Last year, combined Medford/Somerville forces collected a record 326 tons of compostable waste from campus, and created a custom recycling program for boxes and Styrofoam packing at the Science and Technology Center. This process is now being piloted elsewhere.

Water use across all three campuses also dropped last year, primarily due to greater awareness and improved behaviors cultivated by Eco-Ambassadors, the sustainability council’s report states. Several pilot programs to conserve water that were tested last year, including low-flow showerheads and timers to encourage shorter showers, will now be installed in most major residence halls on the Medford/Somerville campus.

Last summer a utility and energy master plan for the Medford/Somerville campus was developed by an outside firm in close collaboration with Tufts’ Facilities Services and the Tufts Effectiveness in Administrative Management (TEAM) Energy and Campus Sustainability working group. In the fall, Randy Preston was hired as director of University Energy Programs to implement the projects identified in the plan. These include:

—A campus-wide metering system to measure electricity and heat consumption in individual buildings and thereby identify energy-saving initiatives. This system will eventually be expanded to the Boston and Grafton campuses.

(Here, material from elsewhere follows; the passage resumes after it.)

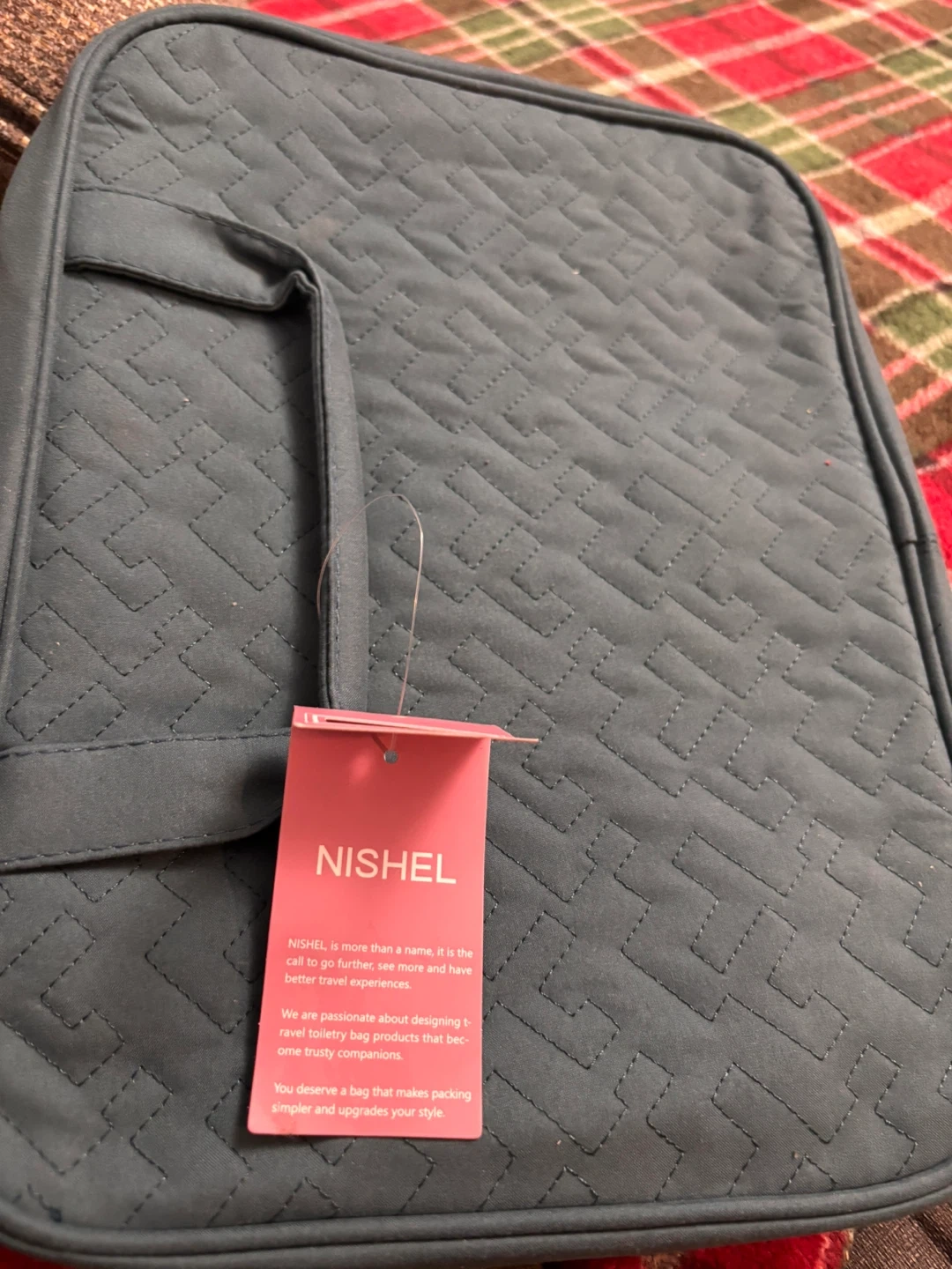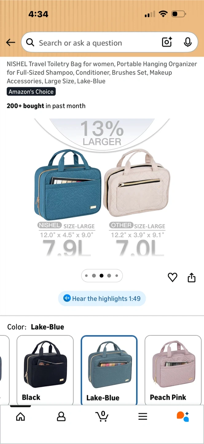 This NISHEL travel toiletry bag is a large-sized, hanging organizer in Lake-Blue. It's designed for women and includes compartments for full-sized shampoo, conditioner, brushes, and makeup accessories. The bag's dimensions are 12.0" x 4.5" x 9.0" with a 7.9L capacity.

—Feasibility studies for a cogeneration system that simultaneously produces heat and power. Such a system would reduce carbon emissions by approximately 9 percent, because it would capture heat generated by electricity and use it to make steam for heating and cooling.

—Studies for a central chilled water plant that would provide air conditioning by piping cold water into buildings. The plant would eliminate the need to maintain independent cooling systems in individual buildings.

And if you haven’t noticed, a solar array was just installed on the roof of Dowling Hall. It will generate 125,000 kilowatt hours of energy for the Medford/Somerville campus, providing enough electricity to power the Tufts Hillel building or Blakeley Hall for one year. The project is part of the Solarize Massachusetts in Medford program, which is supported by the Massachusetts Clean Energy Center and the Massachusetts Department of Energy Resources.